Я искренне не понимала, как можно смешивать общественную жизнь, чванливую спесь Геньки Башмакова с моими личными домашними обидами.
— По форме — другое, а по сути одно и то же: как смели про меня, такую хорошую, сказать что-то не то!
— Ты согласен с ними? С этой страшной старухой и ехидной Катей? Ты, ты…
Я захлебывалась и не находила слов выразить свое возмущение. «Предал!» — подумала я так же, как когда-то о Жорке Астахове, но что-то все-таки удержало меня сказать это вслух. Учитель. Он снова стал учителем.
— В какой-то мере согласен, — не обращая внимания на мой возглас, твердо продолжал он. — Откидывая грубость и мещанскую пошлость их разговора — этого я, конечно, не принимаю и сказал об этом Кате, — я не могу не видеть и правды: хозяйничать ты не умеешь! Восемнадцать лет — не такой уж младенческий возраст…
— Я не собираюсь посвятить свою жизнь кухне!
— Никто не требует от тебя такой жертвы. А уметь варить суп все-таки нужно! Кстати, я не считаю это непостижимым.
— Что же мне делать?
— Взять в руки поваренную книгу — она у мамы на полке — и попробовать ее осилить, проверяя на практике. Как в школе физические и химические опыты.
— Не получится! — вздохнула я, чувствуя себя хоть и побежденной, но все равно несправедливо обиженной. Как спокойно, сухо говорит он со мной! Да любит ли он меня?

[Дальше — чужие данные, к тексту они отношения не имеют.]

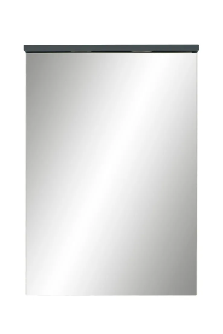 Der Spiegelschrank ist mit einer Tür ausgestattet, die über ein Soft-Close-System verfügt, um ein sanftes und geräuschloses Schließen zu gewährleisten. Im Inneren befinden sich zwei Einlegeböden, die für eine übersichtliche Aufbewahrung sorgen. Eine integrierte Beleuchtung sorgt für optimale Lichtverhältnisse beim täglichen Gebrauch. Das Material besteht aus einer Kombination von Glas und Holznachbildung, was dem Schrank eine robuste und langlebige Struktur verleiht. Dieses Möbelstück ist die perfekte Ergänzung für jedes moderne Badezimmer.
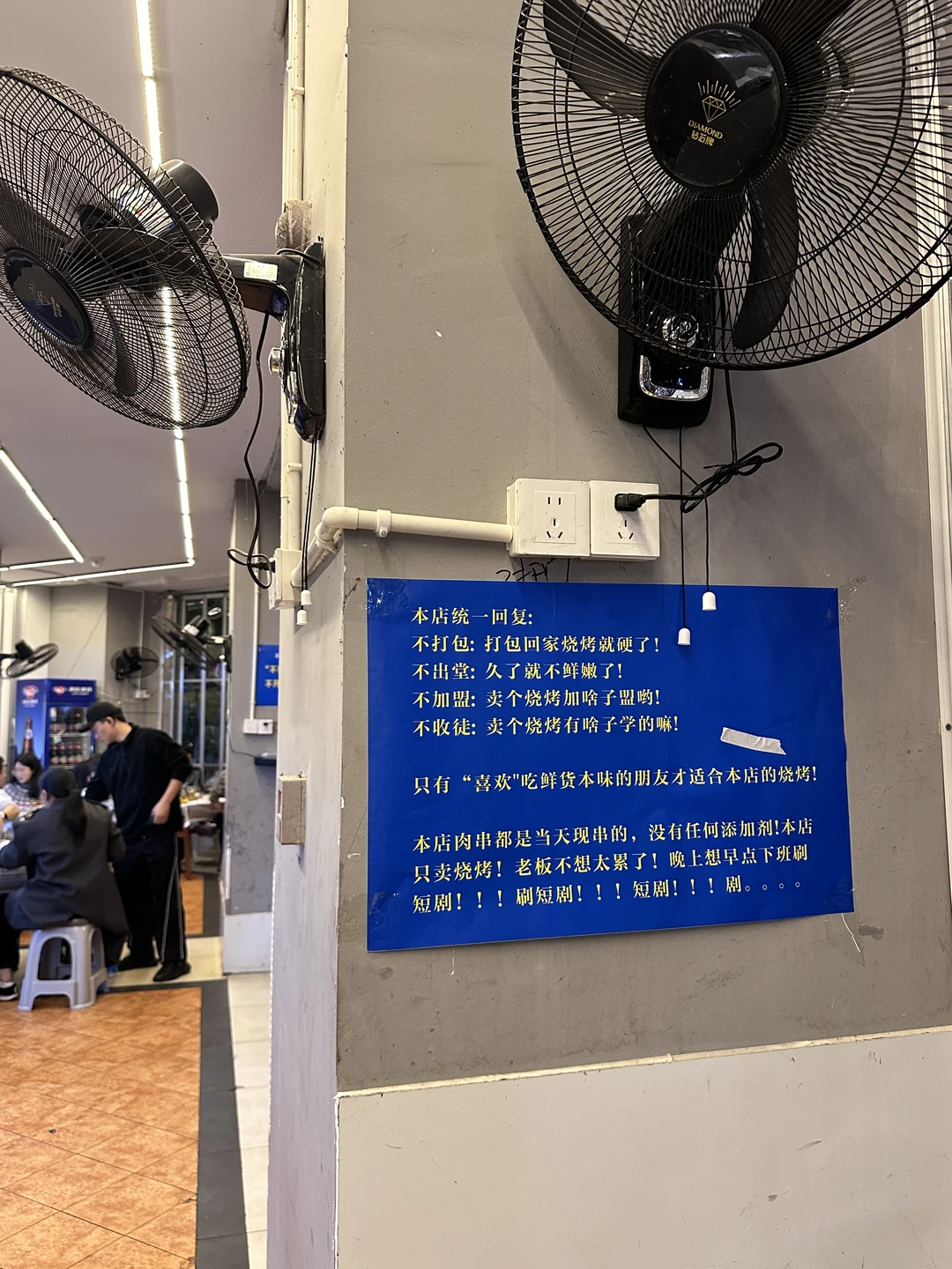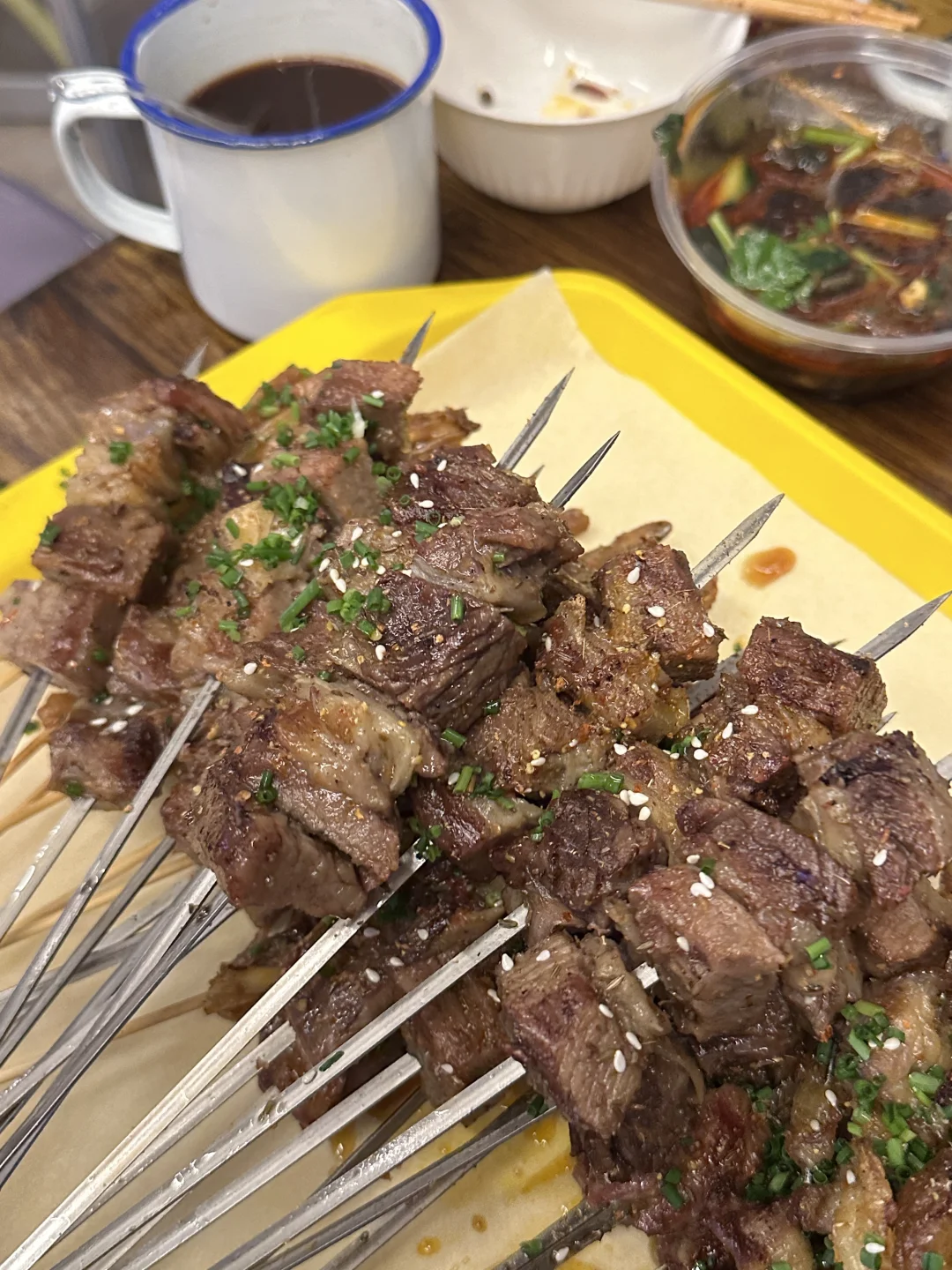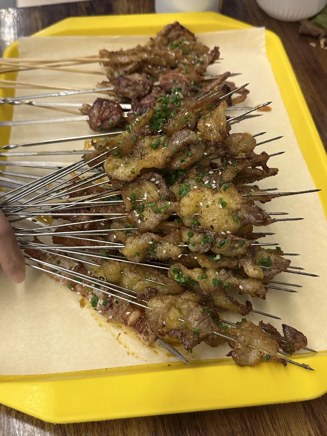 最好吃的烧烤(我说的!!! 是个夫妻小店 只做烧烤、后宫夹肉和牛油真的牛大一串 虽然有服务员,但是老板,老板娘还是亲自接待客人、跟客人也是打打闹闹,特别有人情味儿 他家地方不大,但是干干净净

— Не боги горшки обжигают! Эту истину можно понять буквально, поскольку дело придется иметь с настоящими горшками и кастрюлями!
По его голосу было слышно, что он улыбался. У меня навернулись слезы.
— Зачем? — прошептала я в подушку. — Ты же теперь презираешь меня!
— Я презираю глупые истерики и нежелание разобраться в себе. А тебя я люблю и верю, что ты все можешь сделать. Вспомни, как ты преодолела свой страх перед темнотой! Как осилила неподдающуюся математику! Перед чем же ты остановилась сейчас? Поверь, не перед трудностями, а перед мнением недалекой Кати, не говоря уж о темной старухе. Вот что мне обидно!
Он говорил и гладил меня по голове, как ребенка. И от легких прикосновений его рук внутри у меня все усмирялось, затихало. Но взглянуть на него я все еще не могла. Совестно было.
— А все-таки ты умеешь гипнотизировать! — наконец сказала я, поворачиваясь к нему лицом.
Он убрал руку и рассмеялся.
— Я уж вспомнил эту легенду о себе. Думаю, дай попробую. Вдруг выйдет! Иначе как было прекратить эти рыдания?.. Ну, не буду, не буду! Все прошло…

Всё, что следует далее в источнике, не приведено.